◆ **Activity**
The task for the listing below is to write out exactly the lines starting at the one containing "rekam medis elektronik." and ending at the one containing "Yaslandığı doğu yükseltisi", both included. Pictures are to be omitted.

---------- Data listing ----------

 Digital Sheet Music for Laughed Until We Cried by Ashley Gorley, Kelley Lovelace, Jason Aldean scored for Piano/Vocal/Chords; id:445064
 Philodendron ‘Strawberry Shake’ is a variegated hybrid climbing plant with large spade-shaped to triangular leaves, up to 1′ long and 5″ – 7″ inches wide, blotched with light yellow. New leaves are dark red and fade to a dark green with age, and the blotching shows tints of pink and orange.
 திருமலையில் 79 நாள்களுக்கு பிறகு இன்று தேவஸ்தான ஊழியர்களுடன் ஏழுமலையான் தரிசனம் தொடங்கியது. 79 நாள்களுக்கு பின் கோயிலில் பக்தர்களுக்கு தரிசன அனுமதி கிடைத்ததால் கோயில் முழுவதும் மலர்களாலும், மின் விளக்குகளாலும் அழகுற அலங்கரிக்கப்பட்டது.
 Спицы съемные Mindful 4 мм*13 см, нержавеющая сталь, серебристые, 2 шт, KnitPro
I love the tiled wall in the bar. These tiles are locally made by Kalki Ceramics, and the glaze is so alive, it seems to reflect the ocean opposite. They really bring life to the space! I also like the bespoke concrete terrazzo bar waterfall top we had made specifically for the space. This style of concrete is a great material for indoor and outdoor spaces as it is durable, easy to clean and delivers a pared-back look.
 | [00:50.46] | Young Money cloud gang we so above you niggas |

----------
---------- Data listing ----------

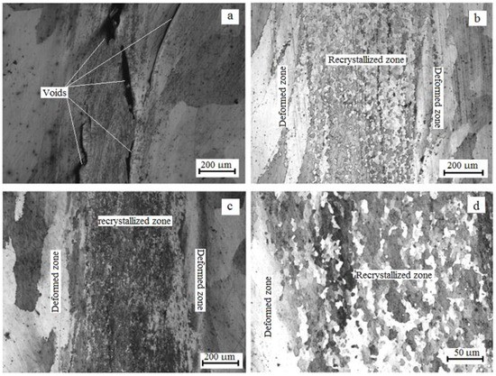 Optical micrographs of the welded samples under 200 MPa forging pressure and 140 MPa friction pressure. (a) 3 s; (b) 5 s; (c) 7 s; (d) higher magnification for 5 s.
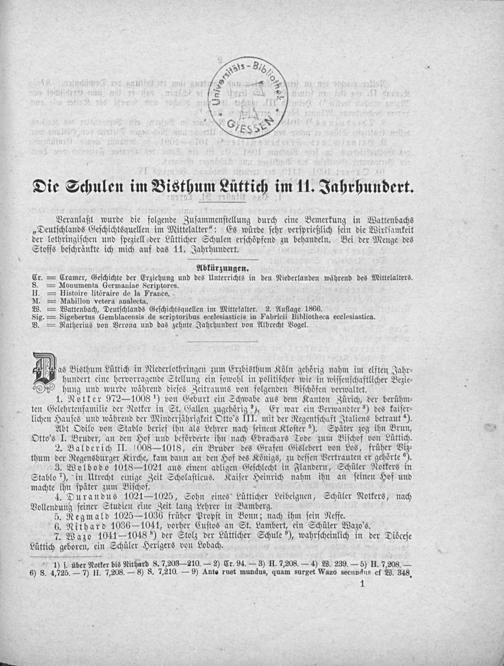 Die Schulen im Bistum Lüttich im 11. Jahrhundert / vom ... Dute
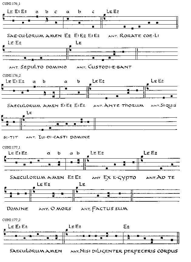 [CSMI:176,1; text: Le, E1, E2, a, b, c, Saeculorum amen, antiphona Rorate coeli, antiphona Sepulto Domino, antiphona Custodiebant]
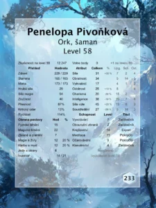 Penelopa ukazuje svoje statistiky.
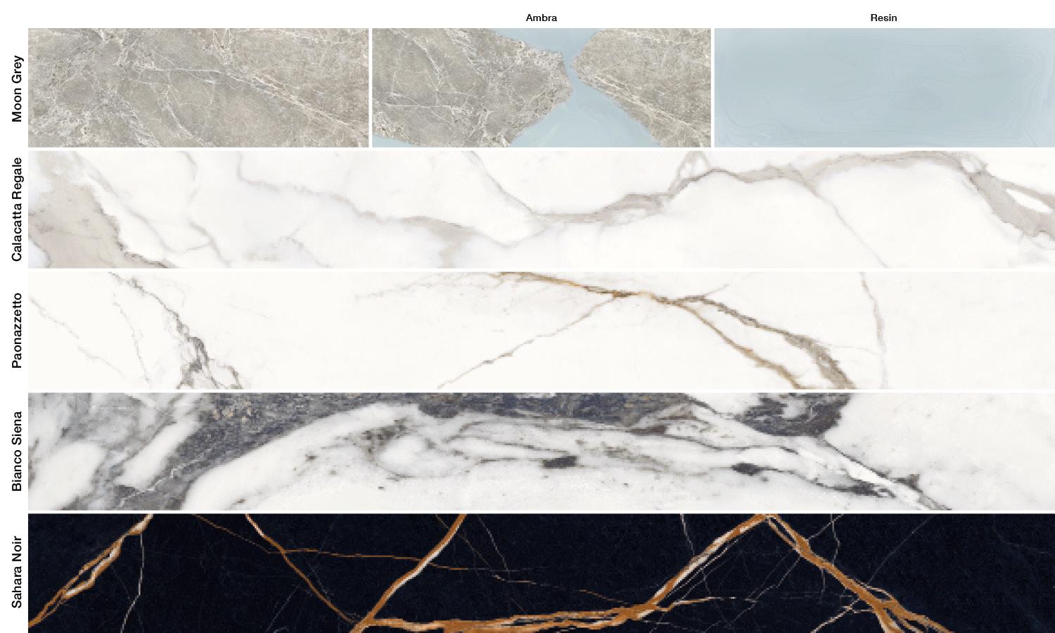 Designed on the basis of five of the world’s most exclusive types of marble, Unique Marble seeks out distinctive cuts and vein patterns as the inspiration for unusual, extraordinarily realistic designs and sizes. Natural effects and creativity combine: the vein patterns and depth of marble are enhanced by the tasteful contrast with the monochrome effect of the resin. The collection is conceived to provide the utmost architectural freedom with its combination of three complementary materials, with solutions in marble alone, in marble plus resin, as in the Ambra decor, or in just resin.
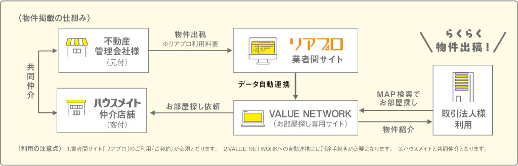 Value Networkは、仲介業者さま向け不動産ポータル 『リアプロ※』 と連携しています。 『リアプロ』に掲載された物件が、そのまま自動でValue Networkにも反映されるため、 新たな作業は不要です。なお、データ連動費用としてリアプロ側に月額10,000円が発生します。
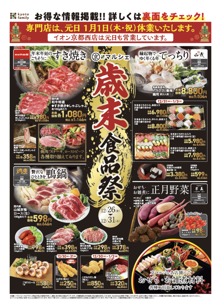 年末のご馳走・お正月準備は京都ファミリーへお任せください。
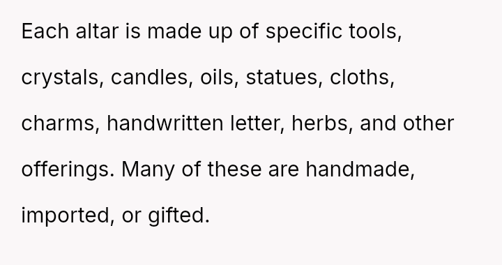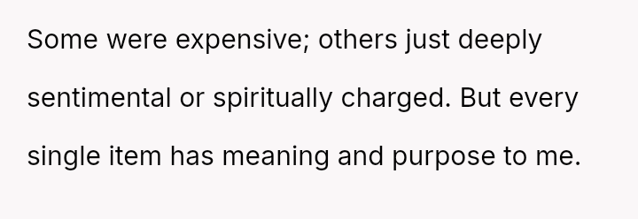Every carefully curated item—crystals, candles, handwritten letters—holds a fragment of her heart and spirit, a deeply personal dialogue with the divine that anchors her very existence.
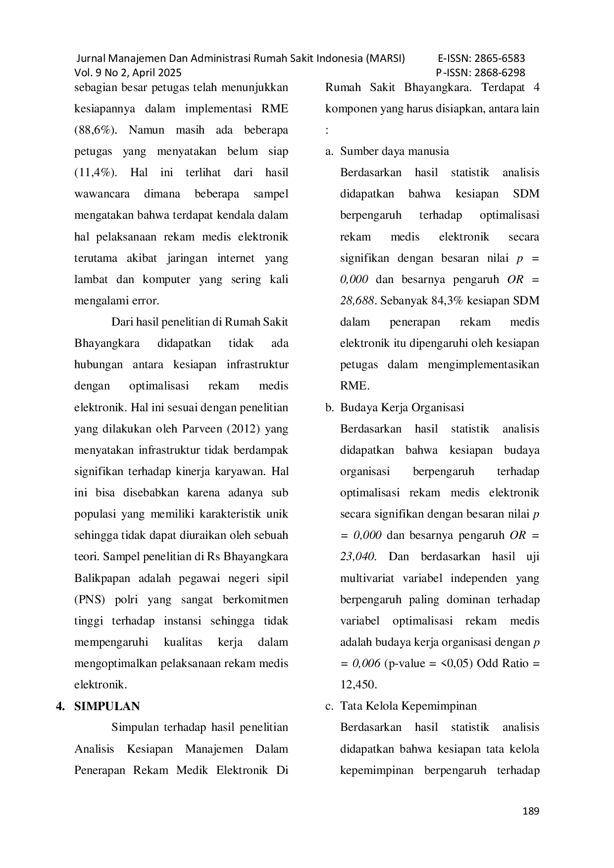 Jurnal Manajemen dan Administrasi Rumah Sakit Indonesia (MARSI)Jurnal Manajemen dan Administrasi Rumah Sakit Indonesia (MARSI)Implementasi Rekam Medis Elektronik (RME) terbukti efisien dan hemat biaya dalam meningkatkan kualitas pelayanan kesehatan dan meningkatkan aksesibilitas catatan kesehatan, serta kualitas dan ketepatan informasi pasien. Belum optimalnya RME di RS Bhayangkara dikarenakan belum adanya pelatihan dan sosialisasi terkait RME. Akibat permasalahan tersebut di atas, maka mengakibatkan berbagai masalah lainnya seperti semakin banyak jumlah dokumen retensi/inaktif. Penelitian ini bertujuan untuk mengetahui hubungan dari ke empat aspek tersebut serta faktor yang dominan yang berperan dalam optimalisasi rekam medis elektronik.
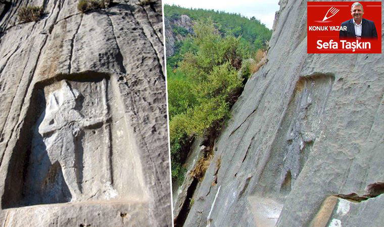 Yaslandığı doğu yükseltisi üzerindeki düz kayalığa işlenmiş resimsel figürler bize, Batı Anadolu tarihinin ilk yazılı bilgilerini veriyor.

----------

◆ **Exercise result**
 Jurnal Manajemen dan Administrasi Rumah Sakit Indonesia (MARSI)Jurnal Manajemen dan Administrasi Rumah Sakit Indonesia (MARSI)Implementasi Rekam Medis Elektronik (RME) terbukti efisien dan hemat biaya dalam meningkatkan kualitas pelayanan kesehatan dan meningkatkan aksesibilitas catatan kesehatan, serta kualitas dan ketepatan informasi pasien. Belum optimalnya RME di RS Bhayangkara dikarenakan belum adanya pelatihan dan sosialisasi terkait RME. Akibat permasalahan tersebut di atas, maka mengakibatkan berbagai masalah lainnya seperti semakin banyak jumlah dokumen retensi/inaktif. Penelitian ini bertujuan untuk mengetahui hubungan dari ke empat aspek tersebut serta faktor yang dominan yang berperan dalam optimalisasi rekam medis elektronik.
 Yaslandığı doğu yükseltisi üzerindeki düz kayalığa işlenmiş resimsel figürler bize, Batı Anadolu tarihinin ilk yazılı bilgilerini veriyor.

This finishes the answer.